Information is sometimes more liquid than cash ...


> Got to say: I can't really think of a better way to solve trust problems in a peer-to-peer lending platform between strangers.

You've got to consider the people who just don't care about nude pics being sent to work mates/friends/relatives. Free money for them? Yes please.

Hell, for the right price I'll do it. Especially if it's just a straight up nude instead of something compromising or whatnot.


I think the biggest problem is photoshop. I can't imagine many people wanting that to happen to them.


Conceptually, I think it is a horrifying yet good idea.

But it definitely needs a mechanism to better handle the images themselves. I think snapchat or whatever has a mechanism to (attempt to) prevent screenshots and to delete the images after a criteria is met (time limited, if memory serves)? An open source solution on a trusted server would help a lot with this.

Getting more in to institutional solutions here (and if the loan seekers were able to be approved by those they wouldn't need it), but I could see something like:

1. Seeker and Lender agree to terms. Specifically interest rates and minimum payment requirements.

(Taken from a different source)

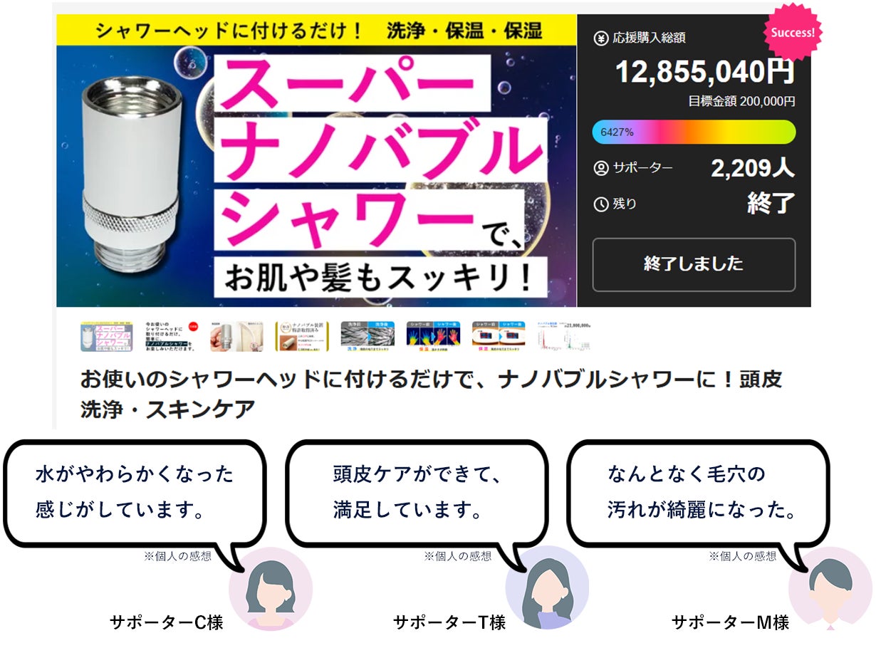 今回のプロジェクトは、特許取得済み・意匠登録済みのナノバブル発生コアを使用した日本製「ナノバブルアダプター」です。すべての部品は国内産、企画・デザイン・商品化まですべて日本の会社が日本国内で実施しております。水の性質は肉眼では見えませんが、第三者機関による各種テストに時間と費用をかけ、試行錯誤を繰り返し、ようやく完成した製品をぜひ皆様にご体感頂けますと嬉しいです。
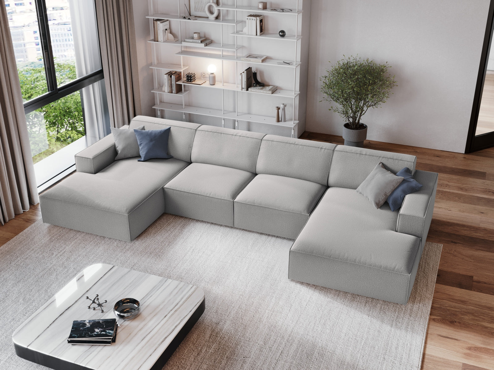 Gestalten Sie Ihr Zuhause neu mit dem Jodie 6-Sitzer Panoramic Sofa von Micadoni – ein modulares, stilvolles Möbelstück für höchsten Komfort.

2. Seeker takes photo and uploads to service.

3. Seeker then uses service to blur out particularly sensitive portions while leaving face visible. Lender sees that image exists, and either approves or requests a different blurring to ensure body shaming will be sufficient

4. Seeker must then register all payments with service (bitcoin would actually be a great solution to this, funny enough). If service does not recognize sufficient payment being made by all dates, image is sent, unblurred, to lender to use as they see fit

5. Once terms of loan are complete, image is deleted. This is the biggest problem as we know the data won't be deleted, if only because getting it out of all the back-ups is a huge hassle.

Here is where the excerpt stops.